Posted on Posted in Breedloves's Folk Songs

HESITATION BLUES

“Hesitation Blues” is a popular Blues song written by Billy Smythe, Scott Middleton, and
Art Gillham. The three men were involved in the music publishing business in St. Louis,
Missouri. About 1914 they joined a band and went to Los Angeles. They passed their
traveling time making up verses to a traditional tune. When they returned to St. Louis the
trio went their separate ways. Art Gillham remained in St. Louis, Billy Smythe went to
Louisville, Smythe’s brother-in-law Scott Middleton went to Chicago. In 1915 Billy
Smythe published their musings as “Hesitation Blues” but not crediting Art Gillham. A
dispute over the credits was resolved a few years later when Art Gillham and Billy
Smythe began writing other songs as a team with the sheet music stating “by the writers
of Hesitation Blues”. The 1964 version by the Holy Modal Rounders featured the first use
of the term psychedelic” in popular music in the verse “Got my psycho-delic feet, in my
psycho-delic shoes, I believe lord and mama got the psycho-delic blues, tell me how long
do I have tell to wait, or can I get you now, or must I hesitay-ay-ay-ate”.

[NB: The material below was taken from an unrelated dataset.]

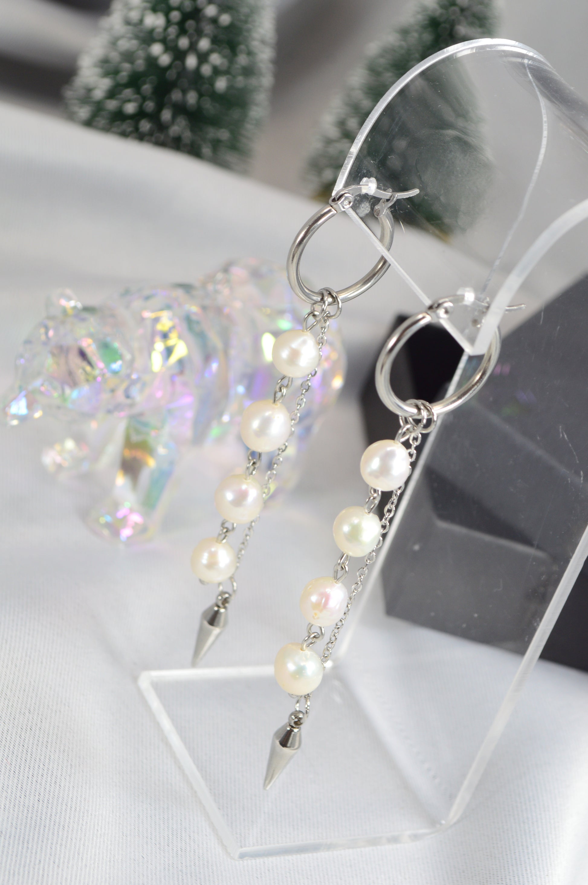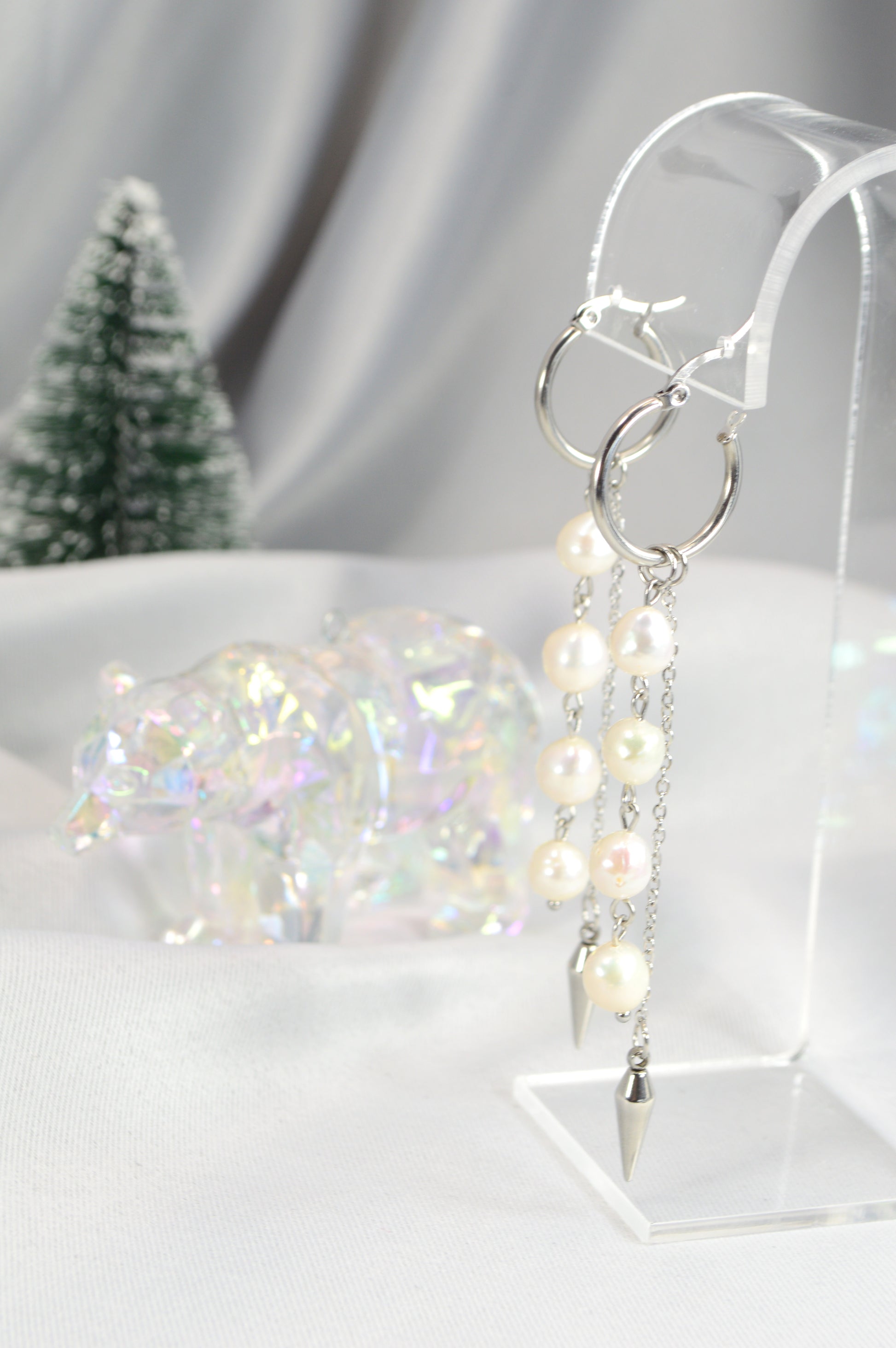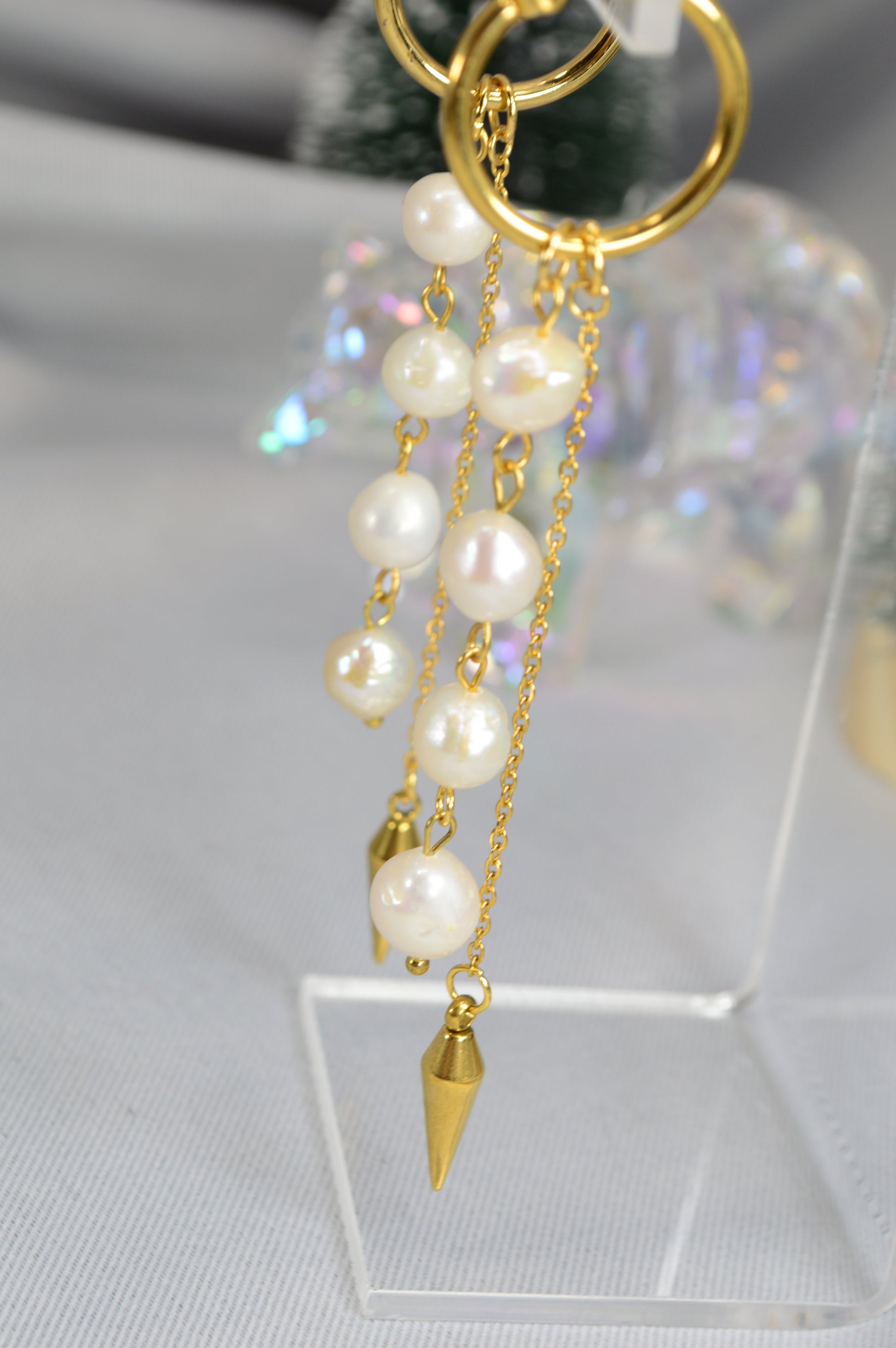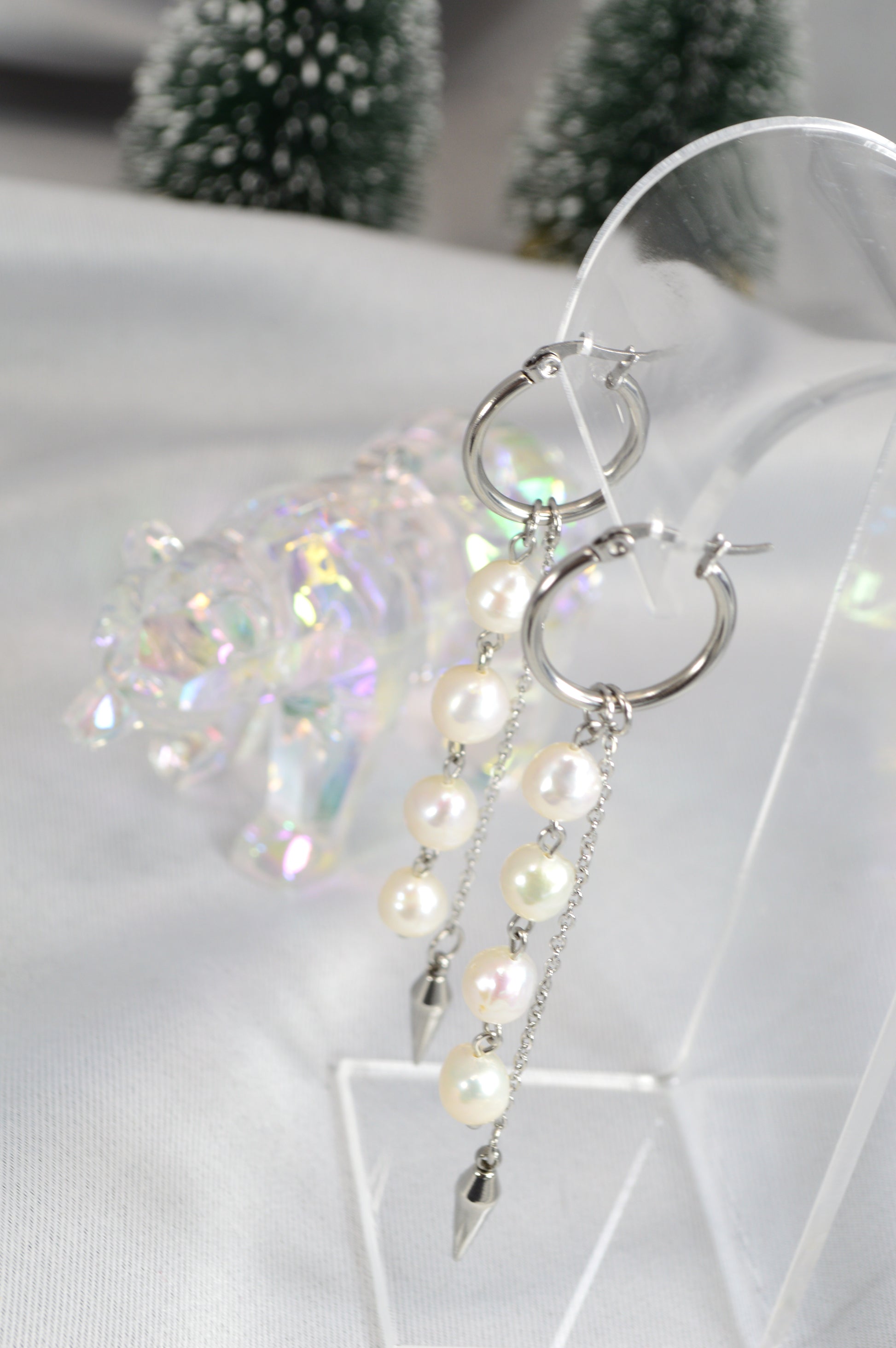 Elegant baroque pearl drop earrings on minimalist hoops — available in silver and gold. Each earring features a cascade of natural baroque pearls ending with a sleek metal spike, creating a perfect mix of softness and edge. These earrings work beautifully for both casual and evening looks: pair the silver with cool-tone outfits, denim, minimalist streetwear; choose the gold for warm palettes, dresses, or anything that needs a touch of luxe.

Well, a nickel is a nickel, a dime is a dime
I need a new man, Lord I know I won’t mind.
Tell me how long, dear, do I have to wait?
Can I get you now, dear, must I hesitate?
Well now, the eagle on the dollar says “In God we trust”
You say you won’t obey me, you wanna see that dollar first
How long, dear, do I have to wait ?
Can I get you now, dear, mm, must I hesitate?
Lord, if the river was made of whiskey an’ I was a duck,
I’d just swim to the bottom an’ I’d never come up.
How long, dear, mm, do I have to wait?
Why, can I get you now, dear, mm, must I hesitate?
Now there’s rocks down in the ocean and there’s fish in the sea,
I know you mean the whole world to me.
How long, dear, must I have to wait?
Can I get you now, dear, mm, must I hesitate?
I got them Hesitation Stockings, I got them Hesitation Shoes,
Lord knows I got them Hesitation Blues.
Tell me, how long do I have to wait?
Why, can I get you now, dear, mm, must I hesitate?